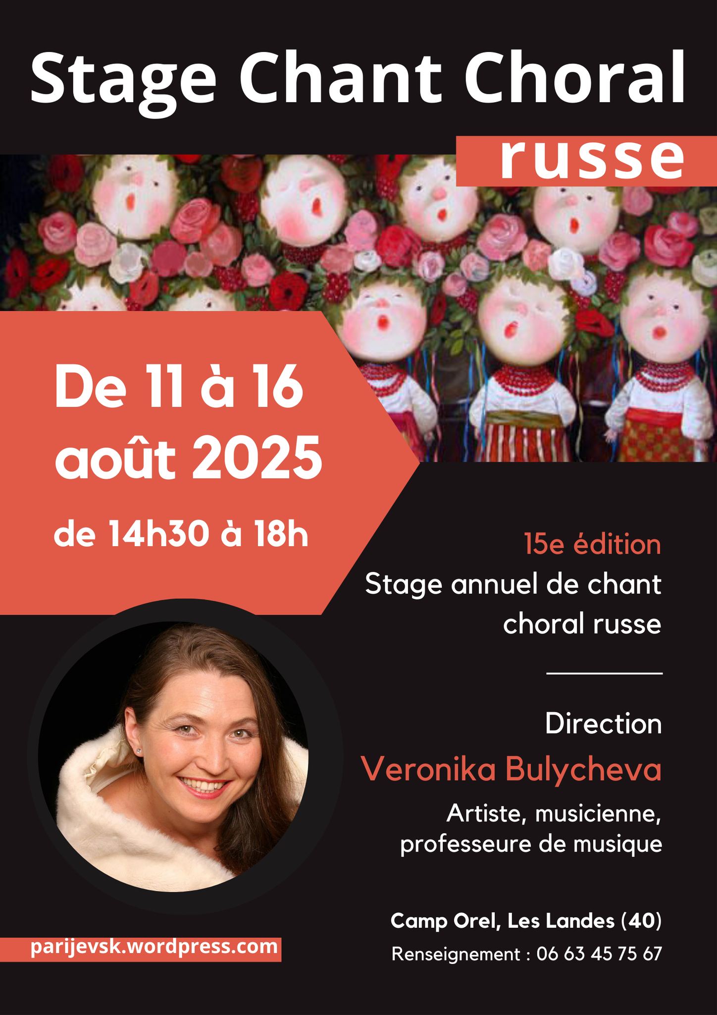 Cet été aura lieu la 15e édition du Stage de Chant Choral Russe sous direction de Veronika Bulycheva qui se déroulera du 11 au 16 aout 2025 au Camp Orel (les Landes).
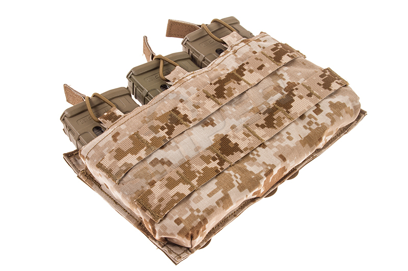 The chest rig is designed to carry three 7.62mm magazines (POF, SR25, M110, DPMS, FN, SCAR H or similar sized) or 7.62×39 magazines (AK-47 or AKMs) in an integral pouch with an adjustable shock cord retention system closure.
================
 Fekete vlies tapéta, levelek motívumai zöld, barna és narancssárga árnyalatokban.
================
BRIEF → For this exercise, set down the lines in the entries above from the one with "Cet été aura" through the one with "The chest rig" exactly as written, without any pictures.

THE ANSWER →
 Cet été aura lieu la 15e édition du Stage de Chant Choral Russe sous direction de Veronika Bulycheva qui se déroulera du 11 au 16 aout 2025 au Camp Orel (les Landes).
 The chest rig is designed to carry three 7.62mm magazines (POF, SR25, M110, DPMS, FN, SCAR H or similar sized) or 7.62×39 magazines (AK-47 or AKMs) in an integral pouch with an adjustable shock cord retention system closure.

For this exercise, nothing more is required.